Clogged sinks are usually caused by simple use. A kitchen sink usually gets blocked by food particles or fatty grease. It may take a while, but washing grease down the drain can make it build up to the point where water can no longer pass through. In the bathroom, hair is usually the culprit. For many families, this is a bigger deal in the shower, but it can produce problems in the sink too, especially when there isn’t a good cover over the drain. Here are a few simple homemade solutions to help clear out those pipes and get everything flowing again.
Use the plunger
Many people have plungers in their homes, but it’s possible they’ve never had to use them in their sink before. There are two common types of plungers. The simple one with a semi-spherical end that sits flat on the floor is for sinks. The one with a bell-like end is for toilets. The two are often confused. Before you start using the plunger over the clogged drain, stick a wet rag in the overflow opening to ensure correct pressure, How Stuff Works advised. Hopefully the pressure will loosen the blockage and you can remove it. If not, it may be time to try other options.
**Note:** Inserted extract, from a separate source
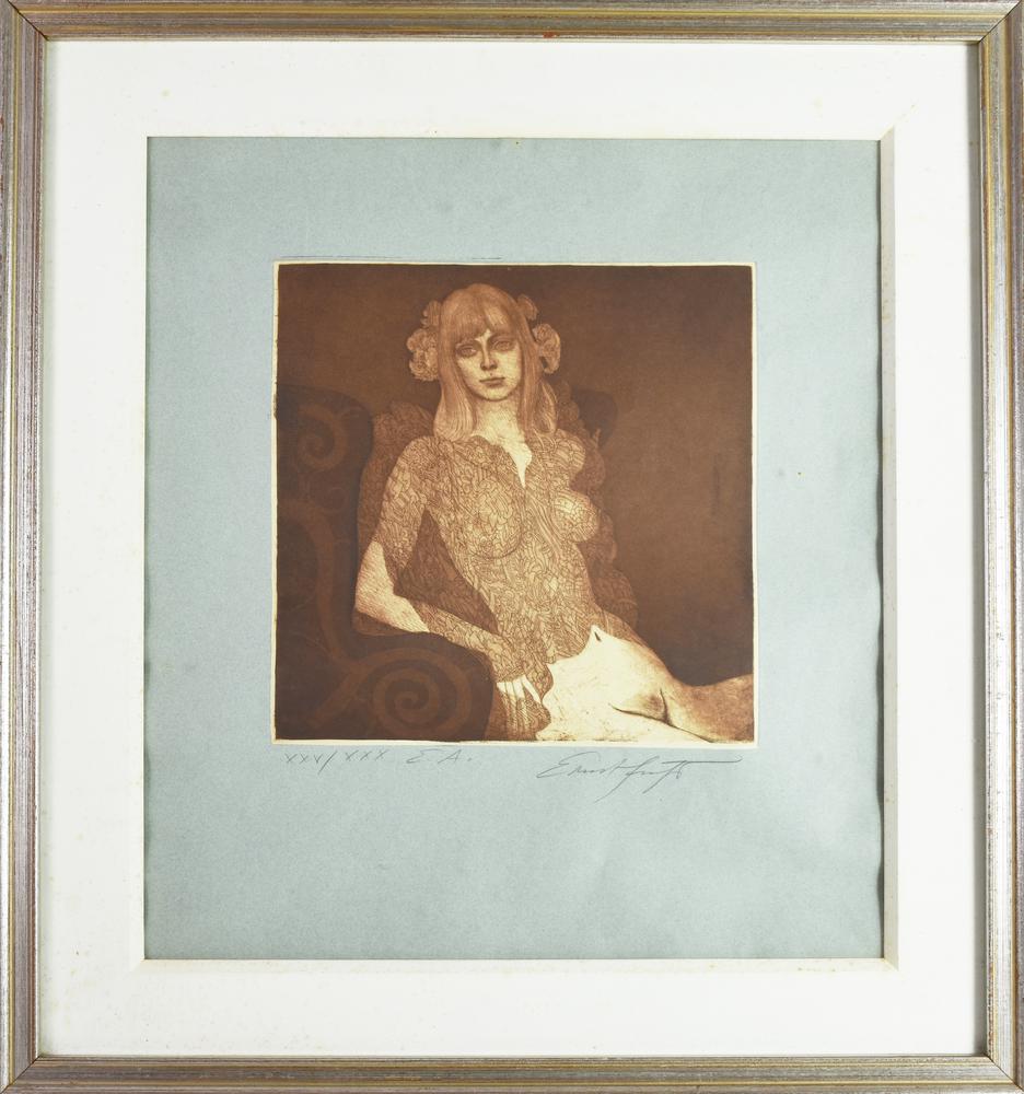 Ernst Fuchs EVA IN NEGLIGE', 1969 acquaforte, cm 30x31,5, su foglio cm 53x46;...

Think back to elementary school
Before you go tinkering with the sink and fishing for the blockage, try to wash it out. Once you realize that your sink is clogged or becoming clogged, head to the kitchen cabinet. Grab some vinegar and baking soda. Pour about 1/2 cup each in and watch it foam. You’re creating the same chemical reaction as countless kids who make model volcanoes. Hopefully this reaction will eat away enough at the blockage that it’ll just wash away. Feel free to try this science experiment a few times before calling it quits.
Snake the drain
People use all different tools to snake their drains. The easiest tool may be a small plastic device with hooks or Velcro to catch a clog and pull it out. Others use coat hangers, but an auger wire is preferable. This is typically a long metal cord with a sharp spiral at the end. You can put the auger wire down the drain until you feel resistance, then twist to hook the clog and pull it out. This is much messier and can be unpleasant, but it should get your sink running properly again.